2. Since HD is nothing more than free and extra channels...could it be that HD is nothing more than the 2008 version of sidebands?

Wrong on its face. Should HD actually be nothing more than something, my suggestion would be it is perhaps nothing more than an approach to spectrum management. The decider remains the operator and their market. Multicasting is one app not the only app. Operators are free to parse the pipe as opportunity presents.

3. Perhaps an out-of-the-box idea like the recently announced Navteg real-time traffic application will have legs...Is the brand new Electronic Program Guide idea a keeper?

Let a thousand flowers bloom. Digital spectrum affords a practically endless opportunity for app innovation. Again, the key will be failing faster to discover the killer apps sooner.

4. National shows and networks either not on the air today or broadcast on inferior signals...National or Local, listeners have to care about what's being programmed.

Good ideas. Larry Rosen of Edison Media Research, among others, has also made the suggestion that national programming deserves consideration. Agree with the unknown blogger that listeners do have to care, it was ever thus. Q.E.D.

5. The HD Dial/Display has to be fixed...we know with absolute certainty the present day nomenclature is not inituitive and non listener-friendly

The typist refers to the conventions commonly used by the "present" and first generation of appliances. It's still way early in the game. Once the marketplace smells money a rapid prototyping of new conventions and form factors will likely emerge. Take a page from the book of Jobs. There are over 150 different MP3 players on the market, the dated technology used in each is essentially identical but one version is eating an 80 plus share of market becoming the de facto standard.

In summary, my thought is the success or failure of HD Radio is in the hands of the operators. Only they can create (or purchase), broadcast and promote the content or apps that will set the fire, fan the flames of demand. Operators will need to work collaboratively with developers, manufacturers, a deep field of leading-edge vendors to bring engaging new apps to market. Concurrently, the chip sets will get better, the software and hardware will improve, the price points at CE retail will continue to fall, and the next billionaire (of Bill Gates magnitude) will solve the single biggest challenge holding back a brave new world of hand-held devices - the battery. Radio can be ready, waiting in the right place when the right time happens, or not.

Thanks for stopping by, have a great weekend.

To send comments please use the contact me form (left column)

Wednesday, April 16, 2008

"There go my people. I must find out where they are going so I can lead them." Alexandre Ledru-Rollin

"Two kinds of ballplayers aren't worth a darn: One that never does what he's told, and one who does nothin' except what he's told." Oail (Bum) Phillips

"The day soldiers stop bringing you their problems is the day you have stopped leading them. They have either lost confidence that you can help them or concluded that you do not care." Colin Powell

Today's image: Josh and Footprints by Vu Bui. Wonderful. Thank you for sharing.

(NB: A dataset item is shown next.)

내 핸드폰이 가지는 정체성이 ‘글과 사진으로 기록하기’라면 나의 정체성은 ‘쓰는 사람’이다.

Today, my response to the RBR article Why HD Radio may never make it.

"Jacta alea est"

The typing, not to be confused with writing, was not signed. We were told only that the keystroke artist was a "loyal reader" and "For business reasons, this reader cannot be identified by name." Since RBR chief Jim Carnegie did ask "Got a different take?" Let me now say that I do. Here's my scribble on each of the article's six points.

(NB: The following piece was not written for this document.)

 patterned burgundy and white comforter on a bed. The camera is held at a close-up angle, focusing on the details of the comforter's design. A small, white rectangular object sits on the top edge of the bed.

1) The name is wrong...already taken...Why unnecessarily create the impression of a brand extension...Rookie mistake.

Absent the suspect HDR Alliance research there is no empirical evidence to suggest HD Radio means much of anything to the mass audience, only a minority of the population even admit to being familiar with it (Jacobs Media Tech Poll, Arbitron-Edison Infinite Dial). In sum, the name remains innocent, benign, albeit undefined. A professional name lab developed the consumer brand name "HD Radio", the same firm that created the brand "Blackberry" among others. It is the inexperienced or lazy PD that blames the call letters then insists on changing them. Tylenol wrote the primer on rescuing brand names. When product tampering killed customers they stood firm. Radio programming ace Lee Arnold reminds me "The Beatles was a really lame name for a band until they had their first hit, come to think of it what kind of a name for a computer is a fruit?" We should leverage the TV messaging. This is not an act of brand extension but one of brand creation. HDTV = better television, HD Radio = better radio. Let me suggest the rookie here is the anonymous contributor, one needing to read Jones & Slater (or Rosser Reeves the wellspring of Trout & Ries).

2) HD Radio is not listener/consumer driven...neither compelling Content nor is it Convenient to use or understand...listeners do not have faith in the rank-and-file operators.

Physician heal thyself! "The play's the thing." Content is a station level operations issue. This is a leadership problem manifest in a massive failure of imagination, lack of serious investment, an aversion to risk and a growing tolerance, acceptance of mediocrity. On the subject of multicasting my proxy goes to Chuck Tweedle. Chuck, as you may recall, was the GM who built, from scratch, one of the most successful brands in American radio, KOIT. It was Chuck who said "Multicasting is the killer app." The fundamentals remain the same, put something on the wireless that they really want and they'll find it. More on this "product first" approach from Kent Burkhart (#201). Listeners only care about what comes out of the speakers, everything else is a footnote. Some 230 million are keeping the faith weekly and turning on their radios, they could care less about the "rank-and-file operators" (until those operators take away something they care about). As to the ease and convenience issues bear in mind that HD Radio is software driven, we're dealing with version 1.0, first generations of any tech product suck in hindsight. Greed will ensure things will only get better. Hint: Apple developed a hit form factor using a dated common software app.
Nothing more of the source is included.